Theres a 12x12 inch vent on the side, and an 8x8 inch vent on another side. I Would like one more vent but with it holding up the tub on the top I have to think of structural integrity. But there is also a 5inch (or so) PVC pipe leading into side A and a 5inch PVC pipe through the roof and into the second level. 


On the Second Level there is a 12x12 inch vent on the side and a large mesh area on the cover. Plus the PVC pipe leading through the floor and into side B. 

When I get my camera stuff (I need my SD card, my roommate took it to belize for March break) I will take more pictures of the cage. 

Just another update. I added a 12 inch plastic wheel, a cloth hanging tunnel, a second waterbottle, more PVC pipe, and a rope bridge. All added since yesterday. I'm having fun decorating the cage.


----------



## Almi (Feb 11, 2008)

Haha, that's exactly what I had for my girls before I built them a different style cage.

They went from this:











To this:











I felt they weren't getting enough ventilation in the bins with just the tops being mesh (I was cleaning it out every other day...ugh), and it was also a tad too small for four rats.

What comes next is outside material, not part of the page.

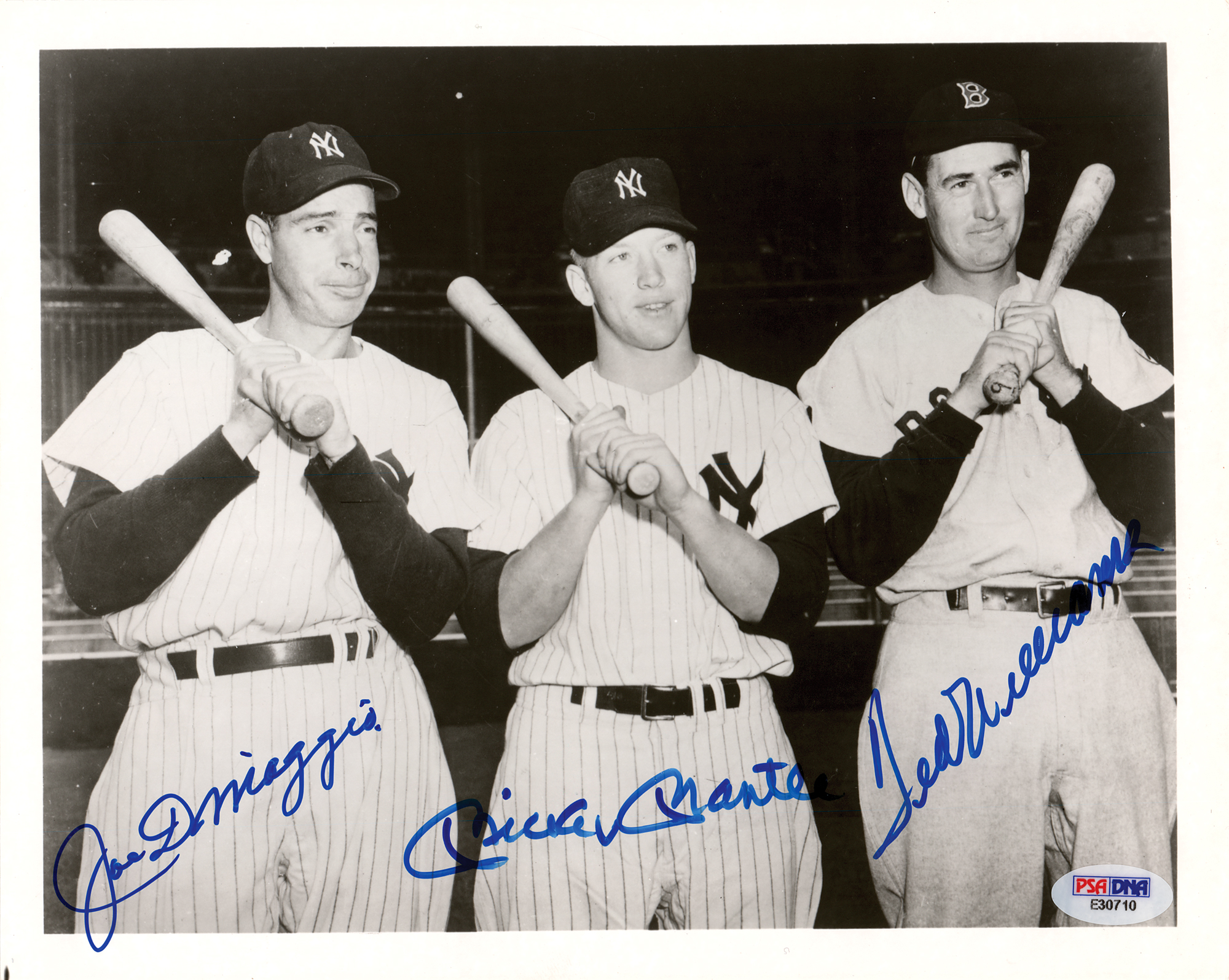 Glossy 10 x 8 photo of Joe DiMaggio, Mickey Mantle, and Ted Williams lined up with bats ready, signed by all three in blue felt tip. In fine condition, with a PSA/DNA authentication label affixed to the lower right corner. Accompanied by a full letter of authenticity from PSA/DNA.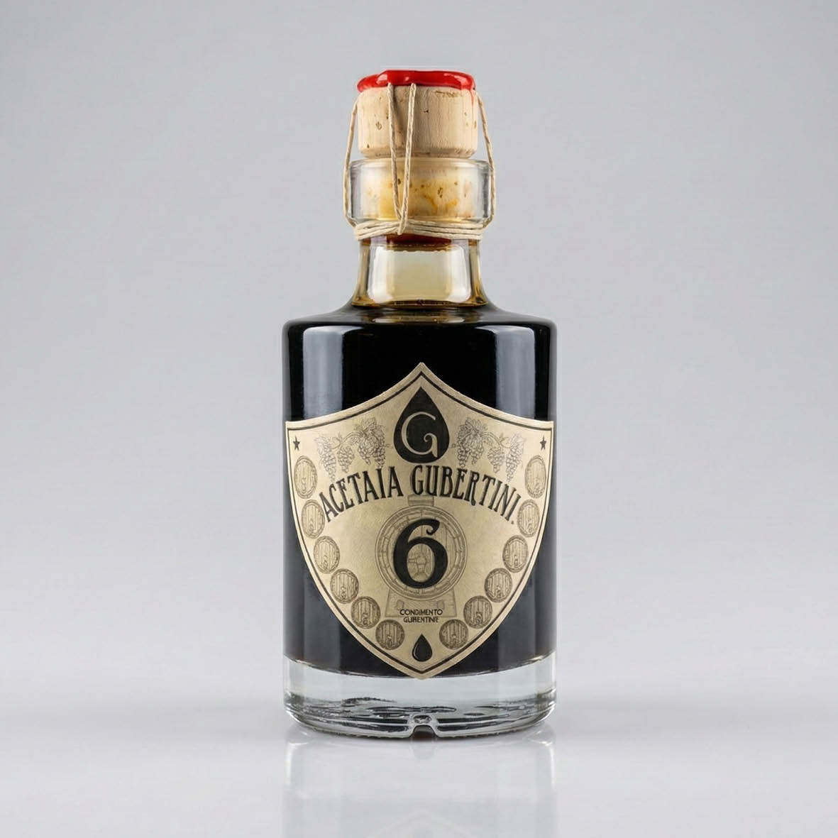 ESCLUSIVO CONDIMENTO BALSAMICO DI MOSTO D’UVA COTTO, ACETIFICATO E INVECCHIATO IN PREGIATE BOTTI DI LEGNO.

I was always afraid that I'd fall in love with another rat and then I'd need to build a bigger cage anyway, and I didn't really feel like having a huge bin system and messing around with modifying all of that. =P

And actually, it didn't cost me much more money to make the wire cage (which can hold 10 rats) than it did to make the bin cage (which can hold about 3 rats). I think it costed me like $32 for the huge wire cage and about $30 for the bin system. Plus, my ratty girls love it. I just added some new toys today, and there's still tons and tons of room.


----------



## tab2008 (Feb 29, 2008)

I use a soldering iron to melt the plastic so adding vents to the sides as well as the tops is rather easy. There is an updated topic on this here: 
http://www.ratforum.com/Forums/viewtopic/t=7462.html


----------



## CaptainFlow (May 16, 2007)

I'm also going to put in the opinion that there's not enough ventilation here. I would think that to be safe, at least three full sides (or two sides and the top) should be mesh.


----------



## tab2008 (Feb 29, 2008)

Ok, this is why I started the new topic with NEW pictures... These pictures that are in this thread are old... I have even added more vents tonight and I am about to take more NEW pictures.

http://www.ratforum.com/Forums/viewtopic/t=7462.html


----------



## CaptainFlow (May 16, 2007)

Oh good! Can't wait to see. But I did look at the second set of photos before I posted, and I stand by my opinion that there ought to be three full sides of mesh.


----------